What you will do
Using the listing below, retype exactly the lines starting at the one with "昨日に引き続き、イベント班の" and ending at the one with "Dann trafen wir", and include both.

Material provided
=====
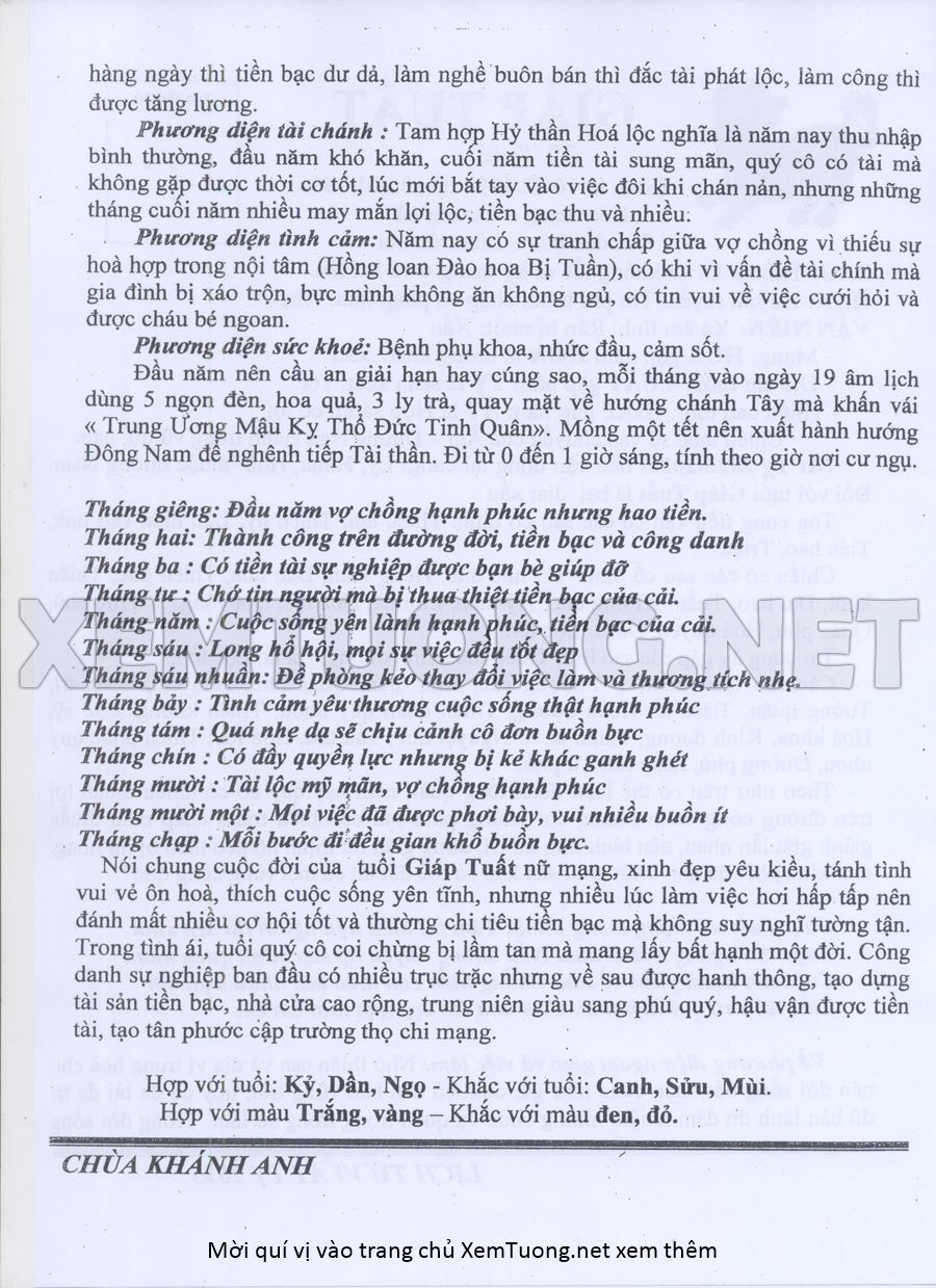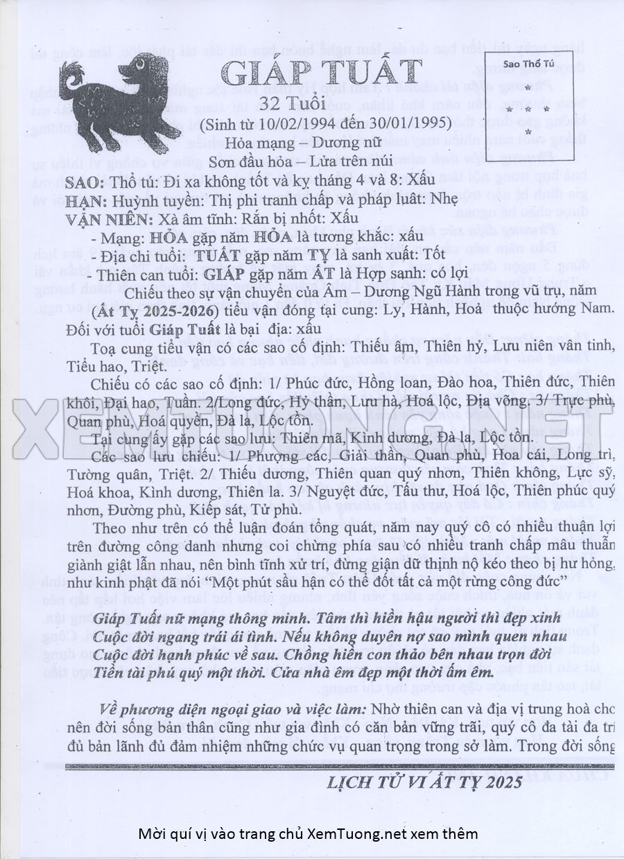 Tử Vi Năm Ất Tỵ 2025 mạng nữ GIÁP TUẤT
=====
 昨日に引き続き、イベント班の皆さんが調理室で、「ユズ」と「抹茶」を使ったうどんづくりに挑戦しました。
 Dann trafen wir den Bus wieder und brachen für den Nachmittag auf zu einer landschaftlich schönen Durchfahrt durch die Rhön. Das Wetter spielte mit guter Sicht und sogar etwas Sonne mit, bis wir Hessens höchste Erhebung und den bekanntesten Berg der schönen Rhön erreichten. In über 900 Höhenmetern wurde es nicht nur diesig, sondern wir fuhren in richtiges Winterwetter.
=====
Problem solution
 昨日に引き続き、イベント班の皆さんが調理室で、「ユズ」と「抹茶」を使ったうどんづくりに挑戦しました。
 Dann trafen wir den Bus wieder und brachen für den Nachmittag auf zu einer landschaftlich schönen Durchfahrt durch die Rhön. Das Wetter spielte mit guter Sicht und sogar etwas Sonne mit, bis wir Hessens höchste Erhebung und den bekanntesten Berg der schönen Rhön erreichten. In über 900 Höhenmetern wurde es nicht nur diesig, sondern wir fuhren in richtiges Winterwetter.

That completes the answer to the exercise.